# Available data
---+---
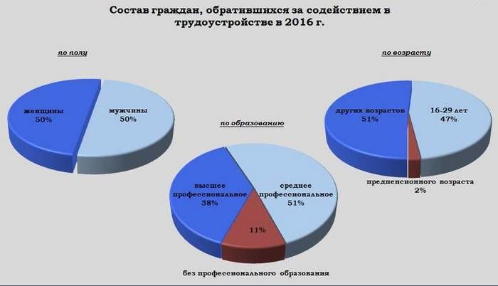 Вакансии3По данным середины июня, на учете в центре занятости состоят 3175 человек, 2582 признаны безработными. Из них 47% - молодёжь в возрасте 16-29 лет, 2% - граждане предпенсионного возраста. По образованию: 51% - со средним профессиональным образованием, 38% - с высшим образованием.
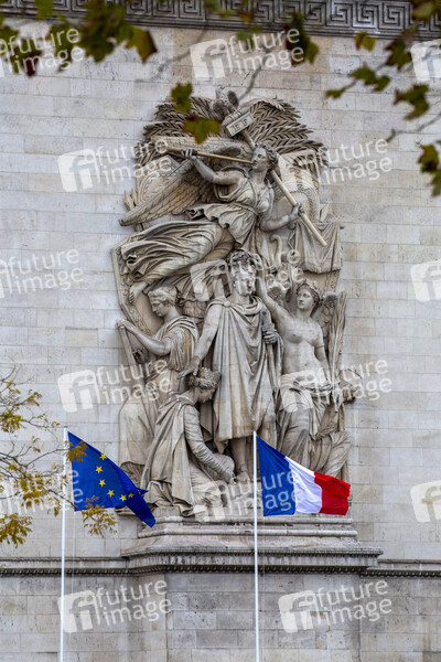 Französische Staatsflagge und Europaflagge bei der 101. Jahrfeier des Waffenstillstands von 1918 am Triumphbogen. Paris, 11.11.2019
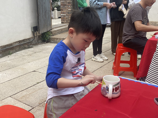 在瓷繪DIY體驗活動上,蘇輝煌老師鼓勵小朋友與家長大膽發(fā)揮想象,合力創(chuàng)作,他還不時與現(xiàn)場參與的小朋友互動,指導繪畫技法。大朋友小朋友們各顯神通,用一根小小畫筆,繪出五彩的陶藝世界。
---+---
# What needs to be done
The whole listing, minus its images, should be repeated exactly.

# Response to the task
 Вакансии3По данным середины июня, на учете в центре занятости состоят 3175 человек, 2582 признаны безработными. Из них 47% - молодёжь в возрасте 16-29 лет, 2% - граждане предпенсионного возраста. По образованию: 51% - со средним профессиональным образованием, 38% - с высшим образованием.
 Französische Staatsflagge und Europaflagge bei der 101. Jahrfeier des Waffenstillstands von 1918 am Triumphbogen. Paris, 11.11.2019
 在瓷繪DIY體驗活動上,蘇輝煌老師鼓勵小朋友與家長大膽發(fā)揮想象,合力創(chuàng)作,他還不時與現(xiàn)場參與的小朋友互動,指導繪畫技法。大朋友小朋友們各顯神通,用一根小小畫筆,繪出五彩的陶藝世界。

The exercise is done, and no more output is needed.